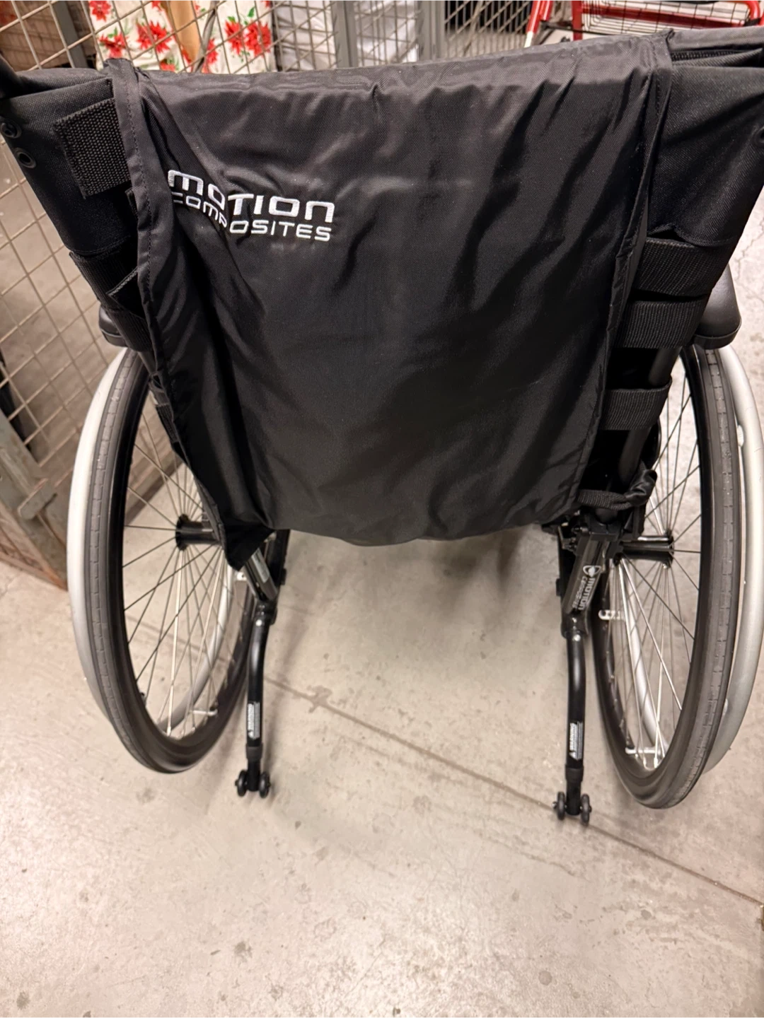This is a black wheelchair from Motion Composites. It's designed for mobility assistance. The frame is black with silver spoked wheels.
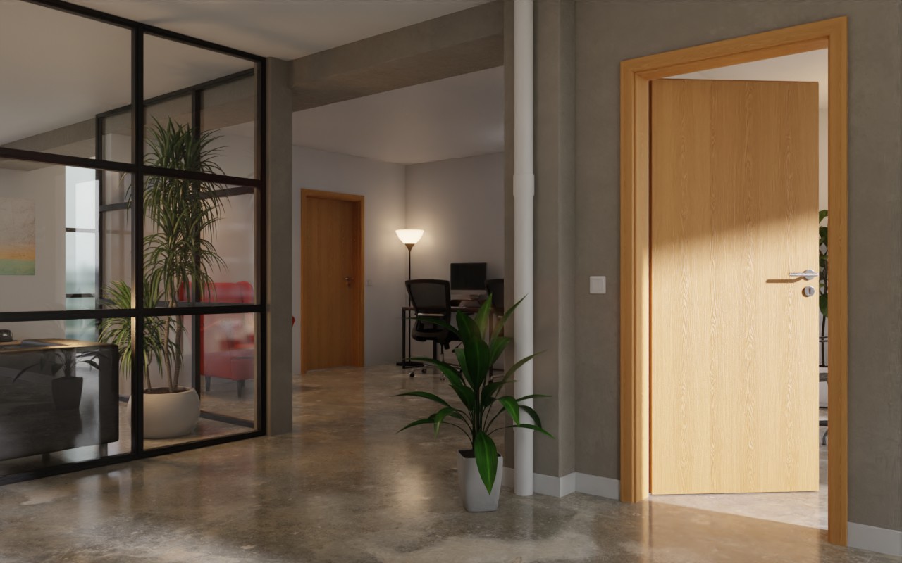 • Wytrzymałe drzwi wewnętrzne do obiektu w kolorze dąb Premium
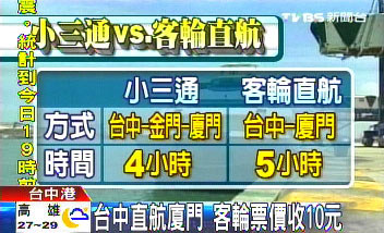 和“小三通”相比,客輪直航不用繞到金門換乘,航程相差1小時,但價格至少便宜1000元,缺點是因為目前以旅行團為主,客輪班次不多,平均6天一趟來回。華達海運公司董事長董事長焦仁和表示,“很快地,希望能夠在這個夏天,在這個旅游旺季的時候,我們取得定期航權。”
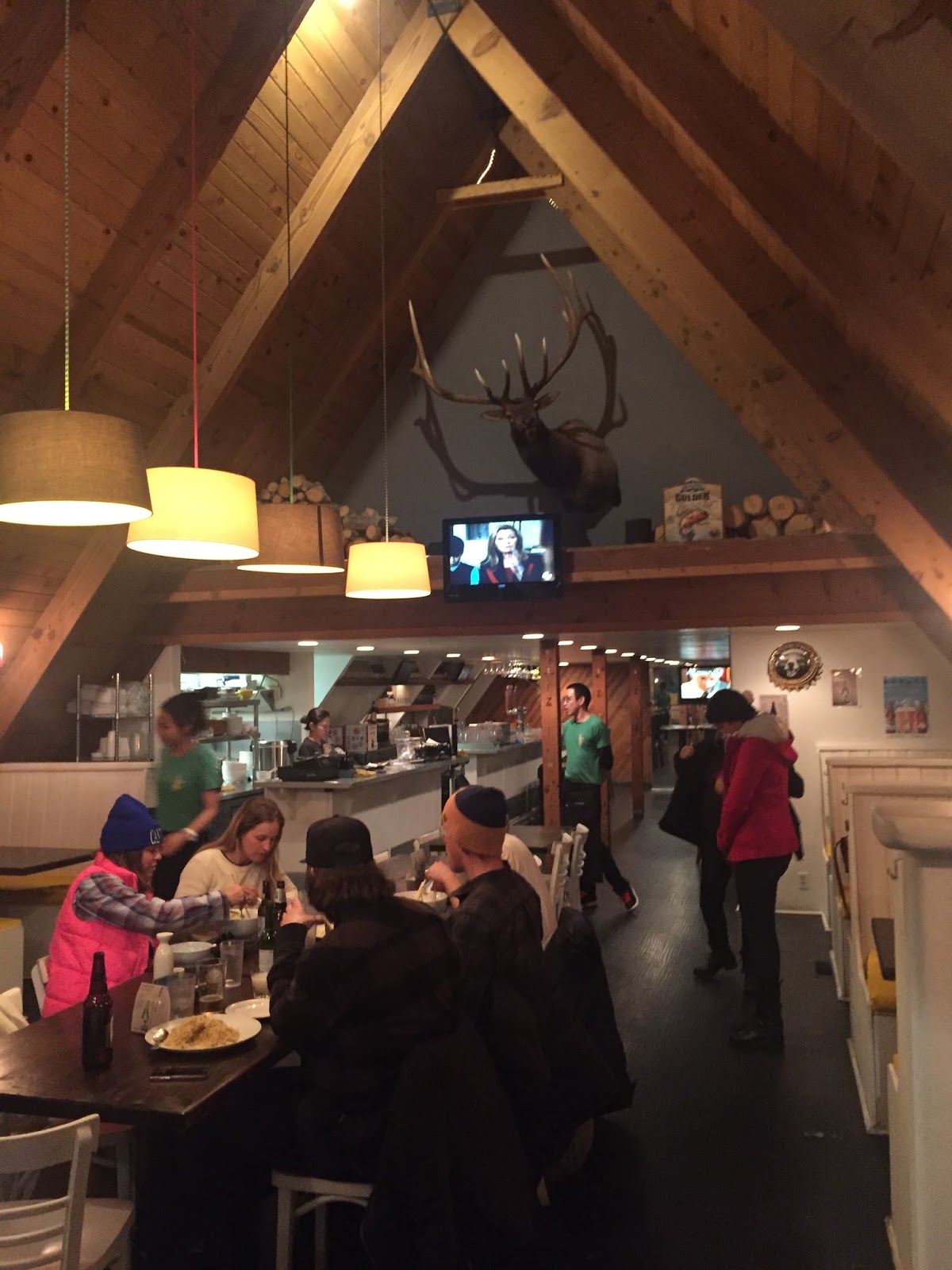 Fomos no Yodler logo que chegamos, ele fica bem no pé da Mammoth Mountain e bomba no fim do dia no aprés-ski. A casa tem clima alpino e um cardápio com uma leve inspiração alemã, mas como todo restaurante americano também tem hambúrguer, sanduíches e flatbreads. São poucas, mas boas opções, há algumas entradas e petiscos para compartilhar em clima de happy hour, uma delas é o fondue de queijo que caiu como uma luva para nos esquentar depois dos -6° que fazia lá fora.
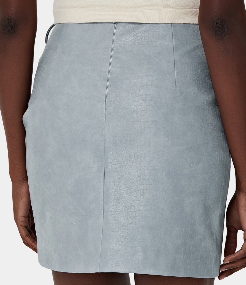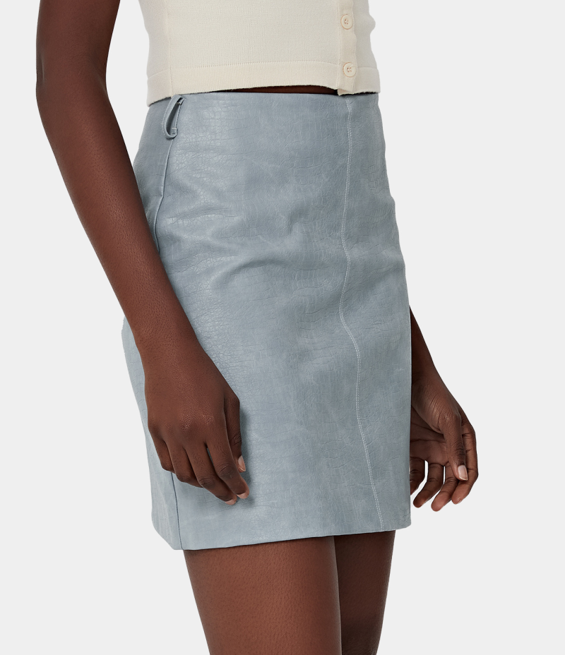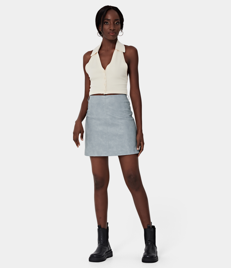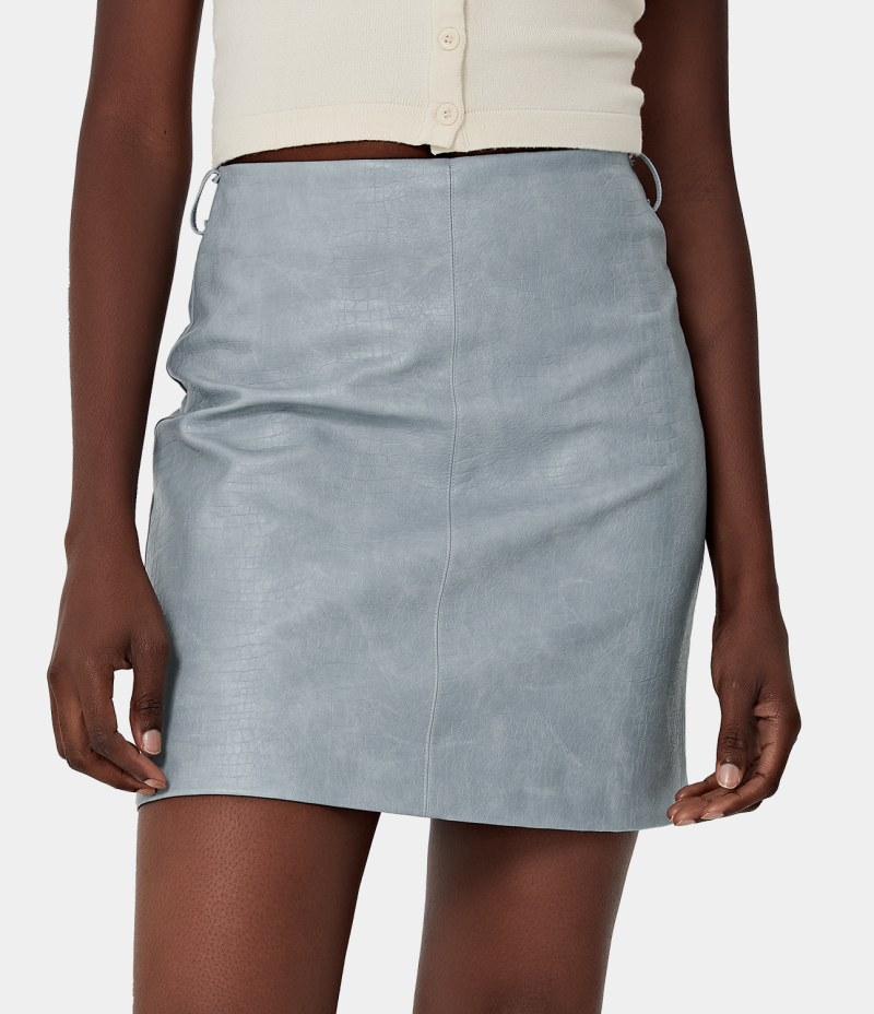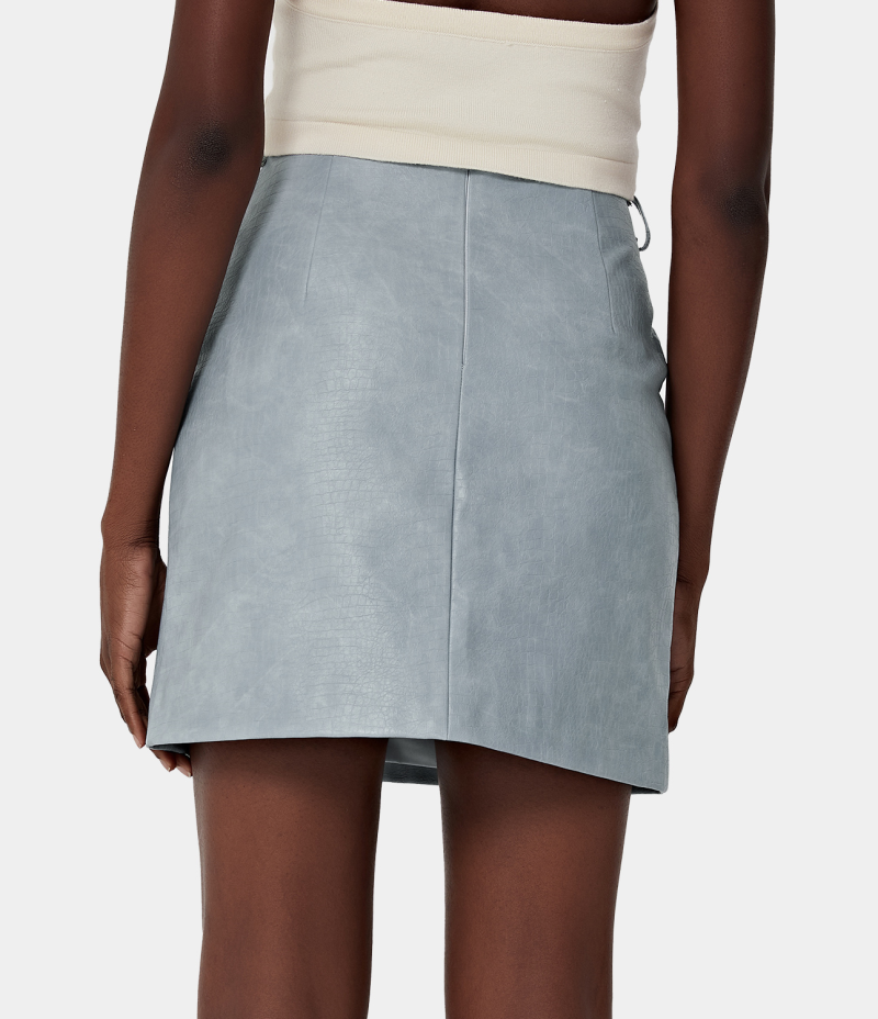 :: Halara High Waisted Belted PU Leather Plain Mini Women's Skirts Deep Powder Blue | 490587-IJT
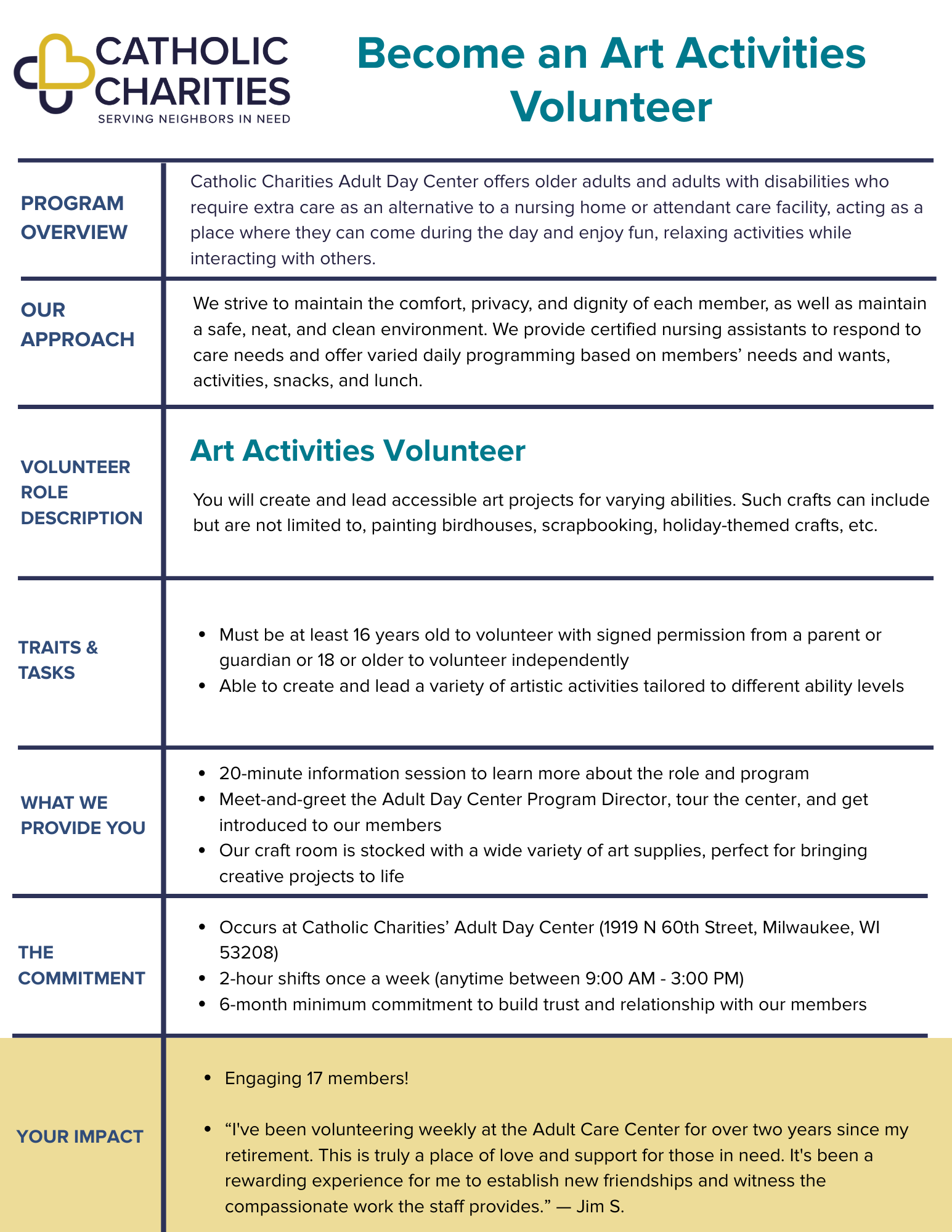 But there is another way — you can help your neighbors in need. We believe that at every age and ability, individuals deserve the support and care necessary to maintain their well-being and sense of purpose. By leading creative art activities for our members, you’re not only providing vital relief to caregivers — you’re also empowering our members to express themselves, engage their minds, and continue building meaningful connections within their community.

> **Exercise description**: Transcribe, word for word, only the material from its opening line through the line containing "kolorze dąb Premium", both ends included, and omit the pictures.

> **Task result**:
This is a black wheelchair from Motion Composites. It's designed for mobility assistance. The frame is black with silver spoked wheels.
 • Wytrzymałe drzwi wewnętrzne do obiektu w kolorze dąb Premium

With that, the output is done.